*WHAT THIS TASK INVOLVES*: When you return the data, keep every line exactly as it is and leave out the pictures.

[Data records]
┄┄┄┄┄┄┄┄┄┄┄┄┄┄┄┄┄┄┄┄

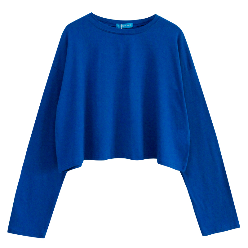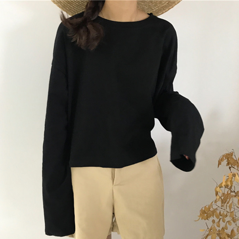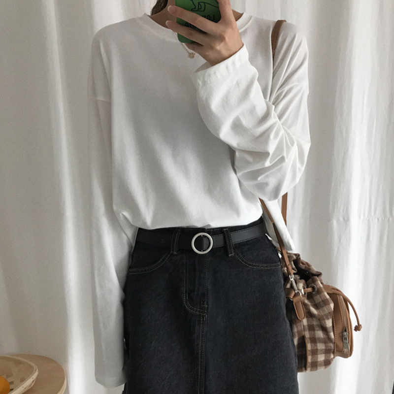 慵懶簡約純色長袖T恤秋裝女2018新款韓版寬松圓領短上衣學生體恤
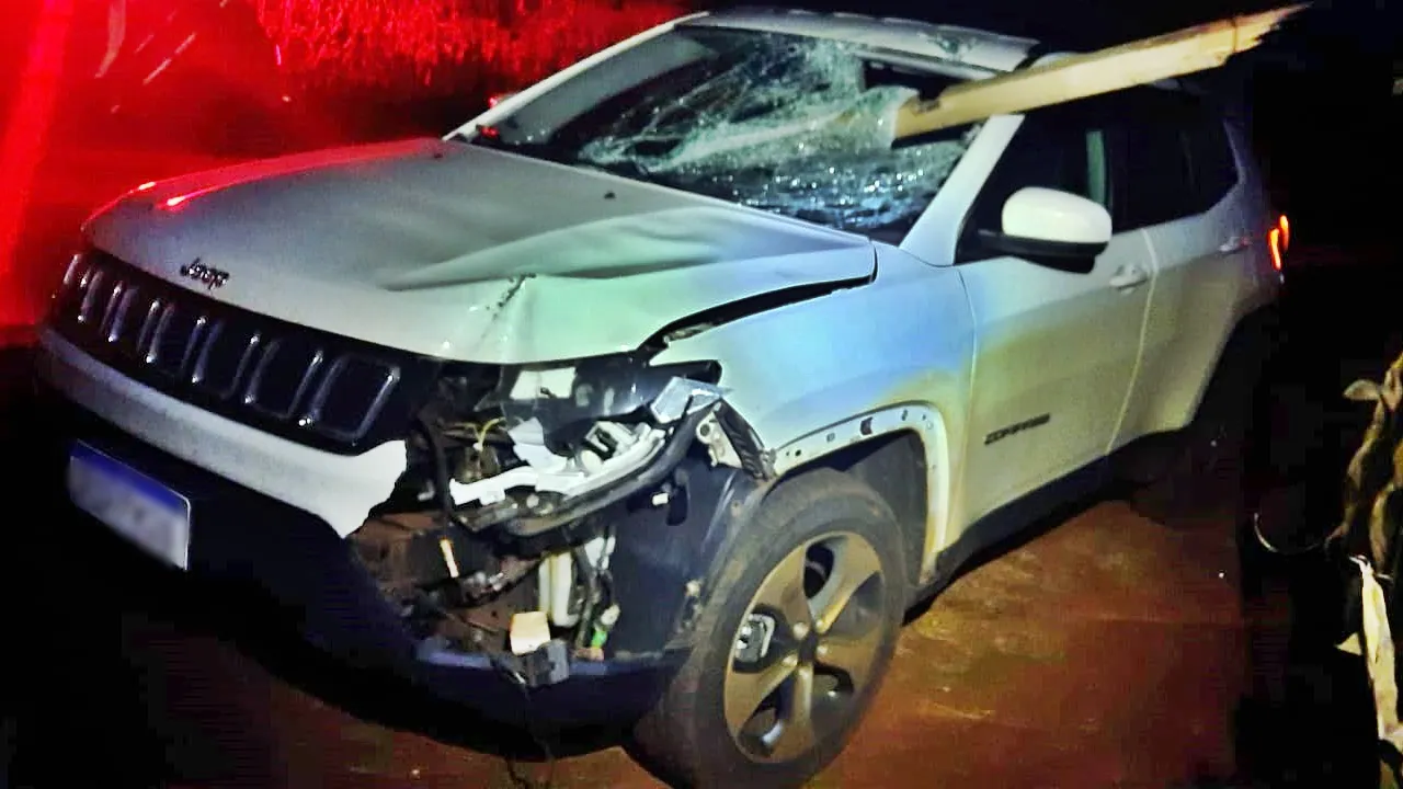 Jeep colide com placa de sinalização na PR-364 entre Assis Chateaubriand e Palotina
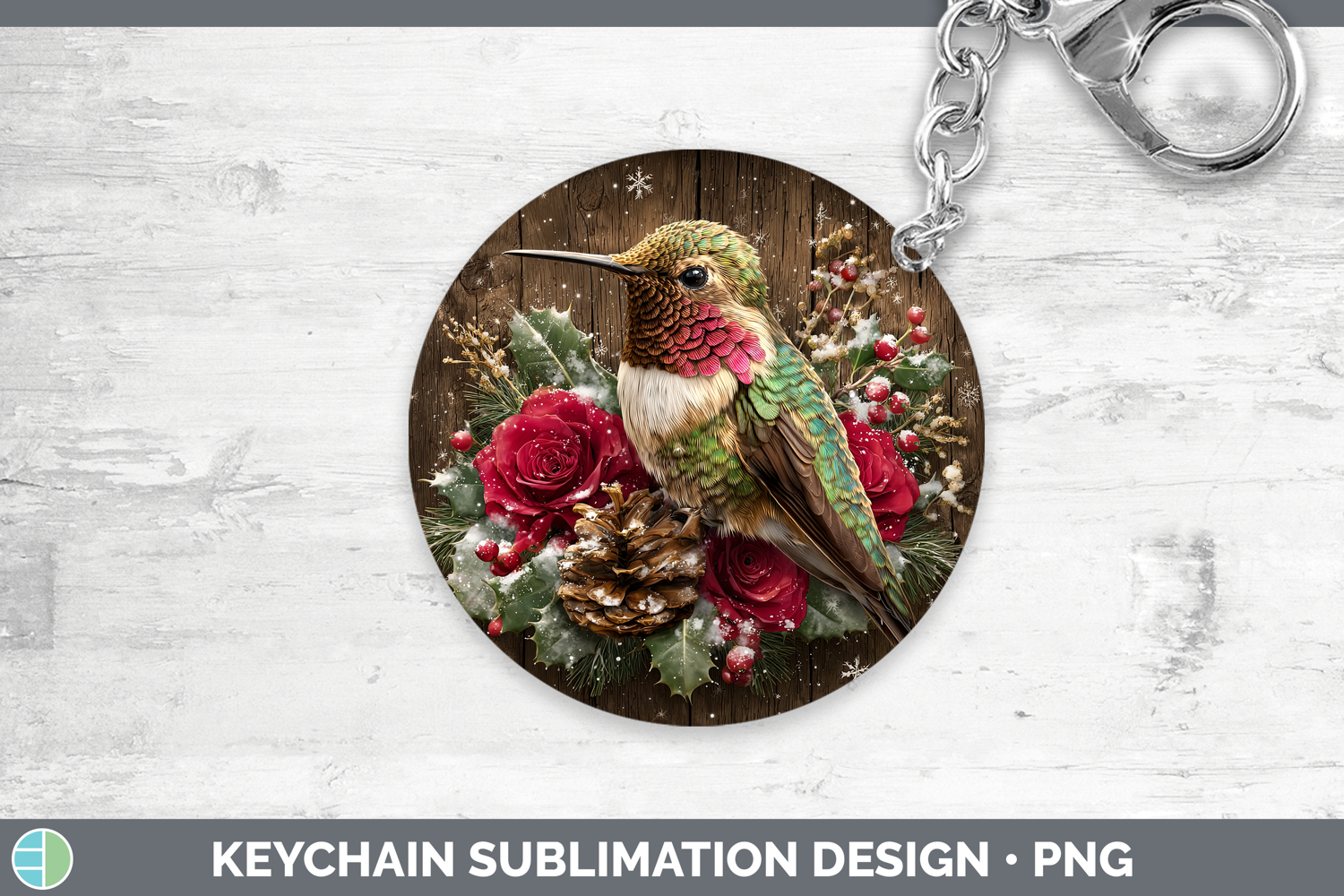 Hummingbird Animals Rustic Christmas Keychain Sublimation De
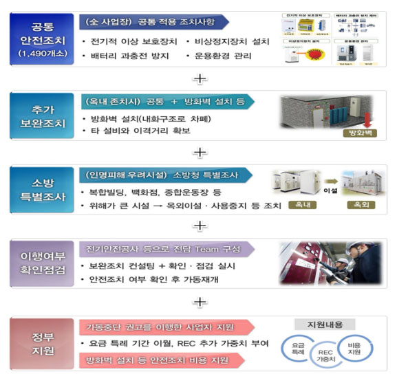 2018年5月份開始火災(zāi)事故頻頻發(fā)生,產(chǎn)業(yè)部在優(yōu)先考慮國民安全的前提下,采取了現(xiàn)場(chǎng)實(shí)時(shí)調(diào)查,安全診斷,ESS設(shè)備全面停止等多方位的相應(yīng)措施。
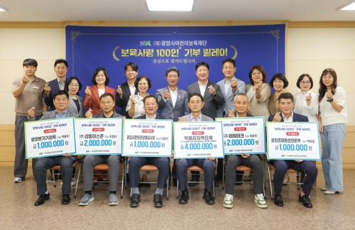 광양시어린이보육재단, ‘보육사랑 100인+ 기부 릴레이’ 기탁식 개최 광양시 (재)광양시어린이보육재단(이사장 이광용)은 9월 18일 광양시청 만남실에서 정인화 광양시장, 이광용 이사장, 기탁자 등 20여 명이 참석한 가운데 「보육사랑 100인+ 기부..... 2025-09-19
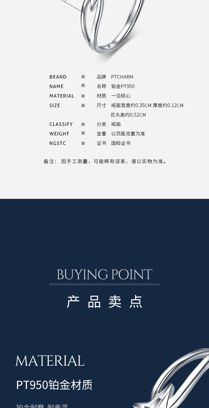 Pt.Charm new platinum living ring for women as a gift pt950 platinum tail ring love at first sight women's ring If not in stock, it can be customized. Take 1.8g as an example
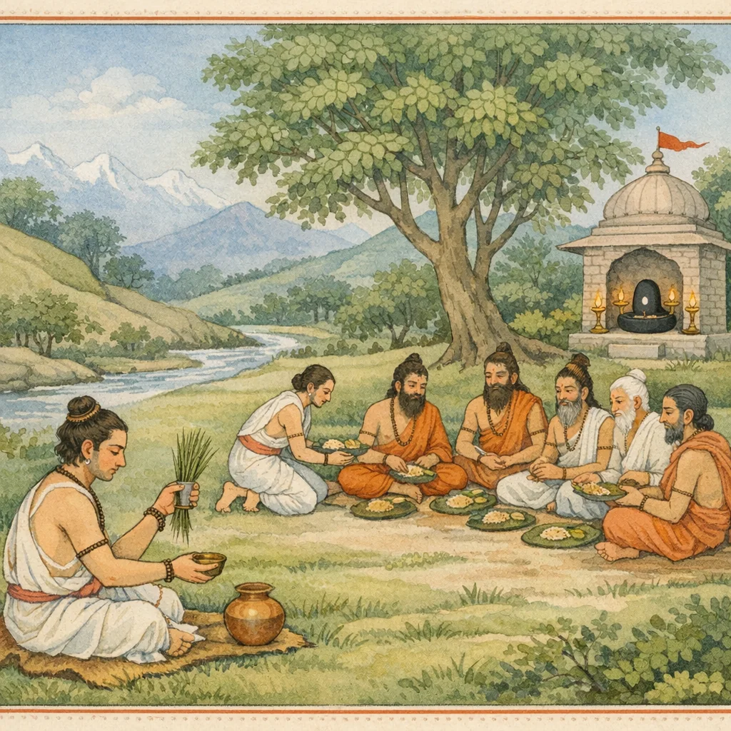 Subrahmaṇya said: “On the twelfth day, rising early in the morning, after bathing and completing the prescribed daily rites, one should reverently approach and honor Śiva’s devotees—whether ascetics devoted to Him or Brāhmaṇas dear to Śiva.”
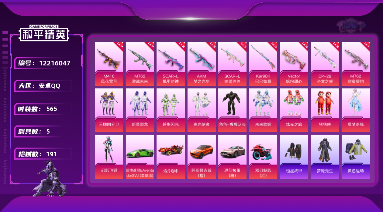 - PX_2088346- 可二次 安卓手Q-12王牌印记-0粉装-5特效枪-0载具-44497热力值-135套装-148枪皮-0卓越印记-0传奇印记, 【5特效枪】,SCAR-L-锦绣绵绵-5级,M416-电玩时刻-5级,AUG-暖羊咩咩-5级,Kar98K-巳巳如意-5级,UMP45-量子极限-5级, 【3稀有紫装】,雪山精英,龟仙人,暗夜魅影, 【135稀有时装】,恋语绒绒,暗夜魅影,龟仙人,雪
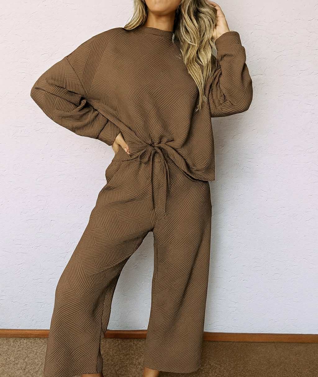 Wrap yourself in cozy confidence with the Espresso Escape 2 Piece Pants Set — your go-to outfit for effortless, everyday comfort. This rich dark brown textured set features a slouchy, ultra-loose fit that’s perfect for lounging in style or stepping out with laid-back elegance. ✨
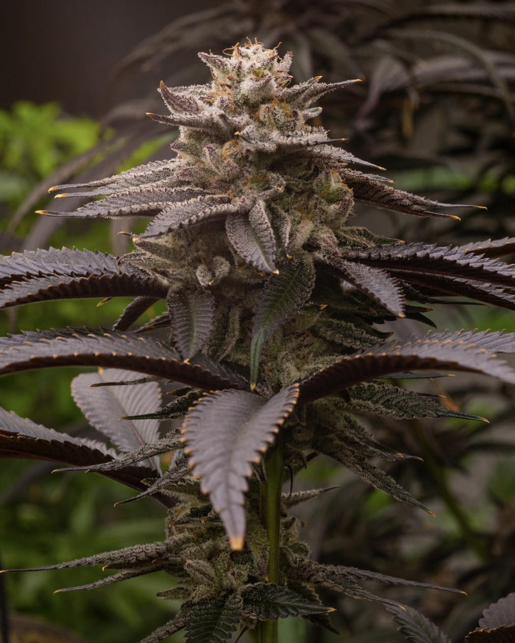 Head Candy exhibits dense stelliform flowers and moderate internodal spacing. Most phenos have very purple leaves with some purpling in the bud, along with very high trichome accumulation, giving sugar leaves a velvet appearance.
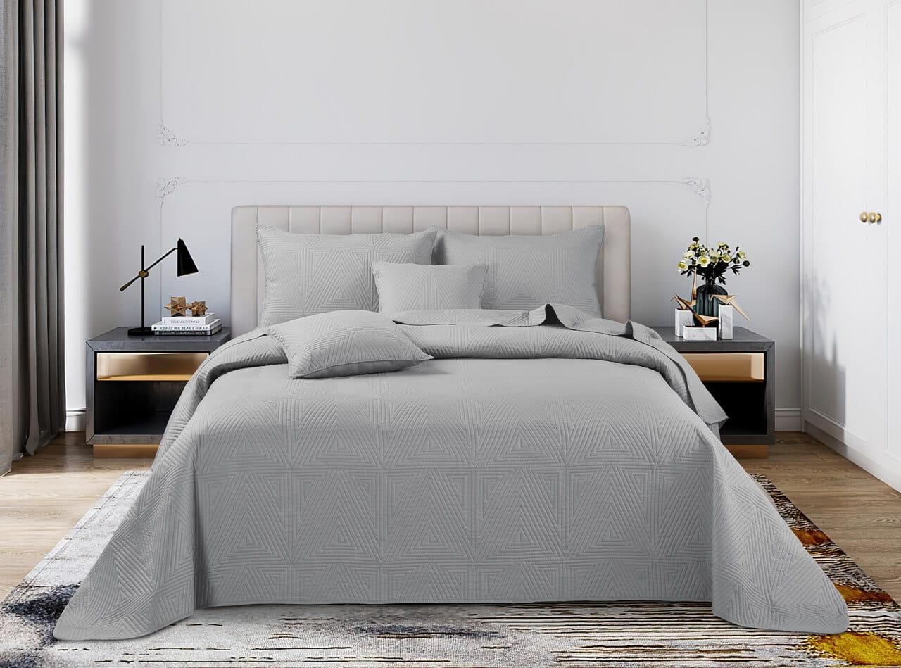 Spod Igły I Nitki Szara Narzuta Pikowana Na Łóżko 200X220 Trio Pieniężno
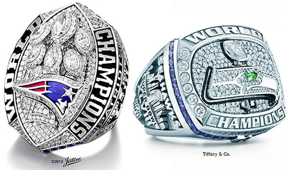 Credits: Patriots' ring photos courtesy of Jostens. Seahawks' ring photo courtesy of Tiffany & Co.
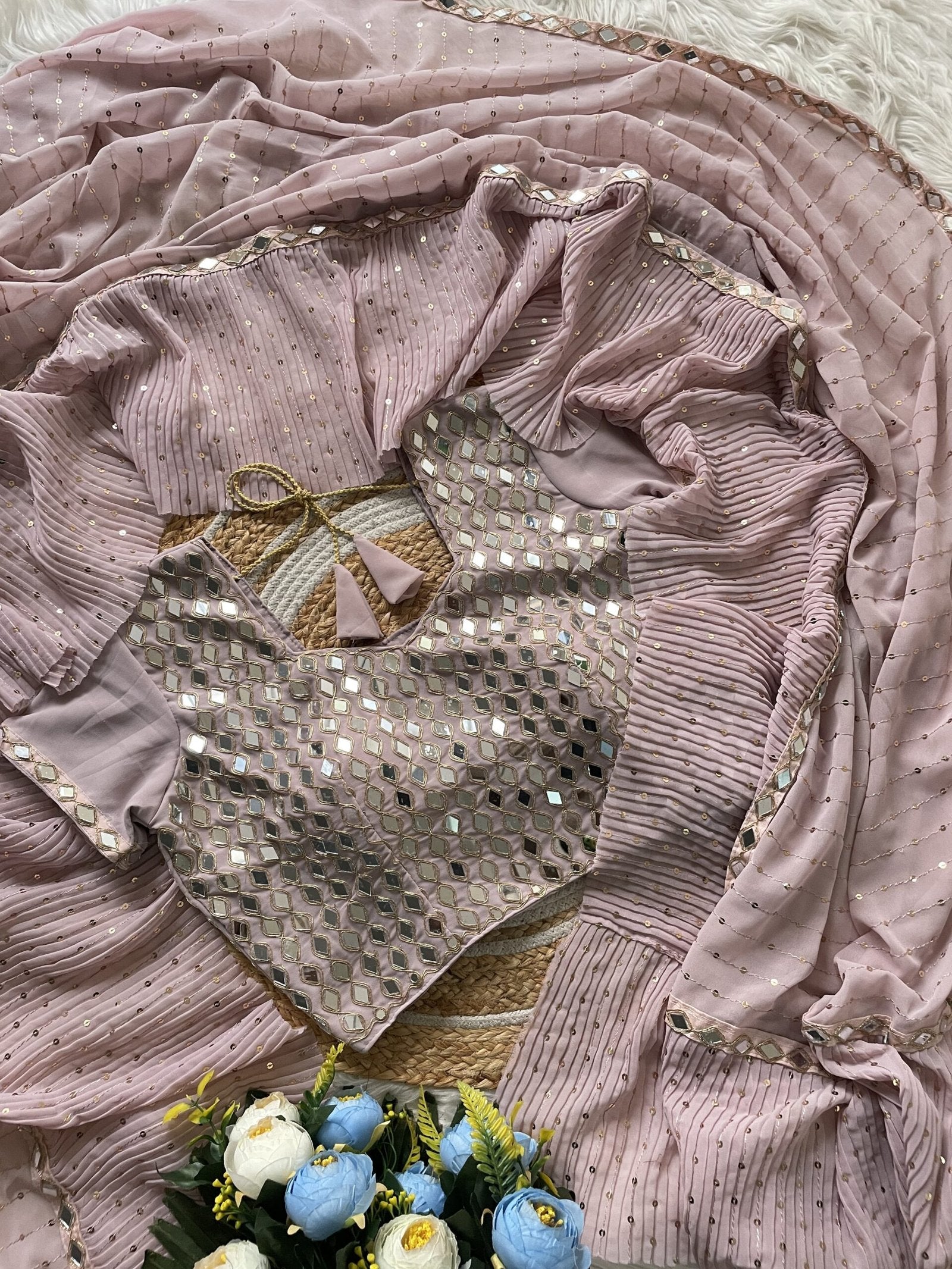 - Work: Heavy 5MM Sequin Embroidery with Crush Pleats
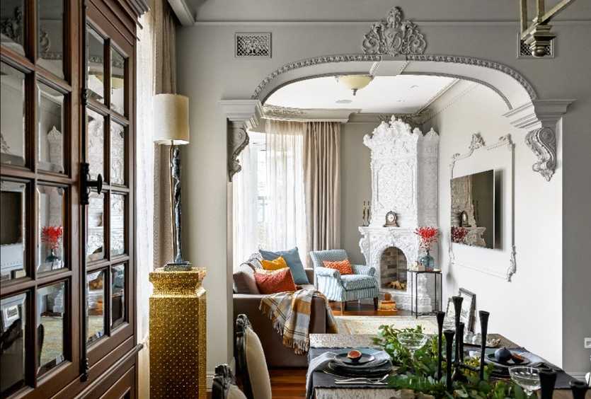 Благодаря творческому подходу можно обустроить в комнате камин с интересным порталом, что придаст интерьеру уникальность.
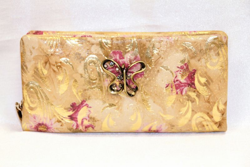 Кошелек женский (мягкий) на молнии, выполненный из яркой натуральной кожи. Изделие декорировано украшением. Внутри 3 отделения для купюр, отделение для мелочи на молнии, 2 открытых кармана, 1 большой потайной карман, отделения для кредитных карт.

┄┄┄┄┄┄┄┄┄┄┄┄┄┄┄┄┄┄┄┄

*SOLUTION BELOW*:
 慵懶簡約純色長袖T恤秋裝女2018新款韓版寬松圓領短上衣學生體恤
 Jeep colide com placa de sinalização na PR-364 entre Assis Chateaubriand e Palotina
 Hummingbird Animals Rustic Christmas Keychain Sublimation De
 2018年5月份開始火災(zāi)事故頻頻發(fā)生,產(chǎn)業(yè)部在優(yōu)先考慮國民安全的前提下,采取了現(xiàn)場(chǎng)實(shí)時(shí)調(diào)查,安全診斷,ESS設(shè)備全面停止等多方位的相應(yīng)措施。
 광양시어린이보육재단, ‘보육사랑 100인+ 기부 릴레이’ 기탁식 개최 광양시 (재)광양시어린이보육재단(이사장 이광용)은 9월 18일 광양시청 만남실에서 정인화 광양시장, 이광용 이사장, 기탁자 등 20여 명이 참석한 가운데 「보육사랑 100인+ 기부..... 2025-09-19
 Pt.Charm new platinum living ring for women as a gift pt950 platinum tail ring love at first sight women's ring If not in stock, it can be customized. Take 1.8g as an example
 Subrahmaṇya said: “On the twelfth day, rising early in the morning, after bathing and completing the prescribed daily rites, one should reverently approach and honor Śiva’s devotees—whether ascetics devoted to Him or Brāhmaṇas dear to Śiva.”
 - PX_2088346- 可二次 安卓手Q-12王牌印记-0粉装-5特效枪-0载具-44497热力值-135套装-148枪皮-0卓越印记-0传奇印记, 【5特效枪】,SCAR-L-锦绣绵绵-5级,M416-电玩时刻-5级,AUG-暖羊咩咩-5级,Kar98K-巳巳如意-5级,UMP45-量子极限-5级, 【3稀有紫装】,雪山精英,龟仙人,暗夜魅影, 【135稀有时装】,恋语绒绒,暗夜魅影,龟仙人,雪
 Wrap yourself in cozy confidence with the Espresso Escape 2 Piece Pants Set — your go-to outfit for effortless, everyday comfort. This rich dark brown textured set features a slouchy, ultra-loose fit that’s perfect for lounging in style or stepping out with laid-back elegance. ✨
 Head Candy exhibits dense stelliform flowers and moderate internodal spacing. Most phenos have very purple leaves with some purpling in the bud, along with very high trichome accumulation, giving sugar leaves a velvet appearance.
 Spod Igły I Nitki Szara Narzuta Pikowana Na Łóżko 200X220 Trio Pieniężno
 Credits: Patriots' ring photos courtesy of Jostens. Seahawks' ring photo courtesy of Tiffany & Co.
 - Work: Heavy 5MM Sequin Embroidery with Crush Pleats
 Благодаря творческому подходу можно обустроить в комнате камин с интересным порталом, что придаст интерьеру уникальность.
 Кошелек женский (мягкий) на молнии, выполненный из яркой натуральной кожи. Изделие декорировано украшением. Внутри 3 отделения для купюр, отделение для мелочи на молнии, 2 открытых кармана, 1 большой потайной карман, отделения для кредитных карт.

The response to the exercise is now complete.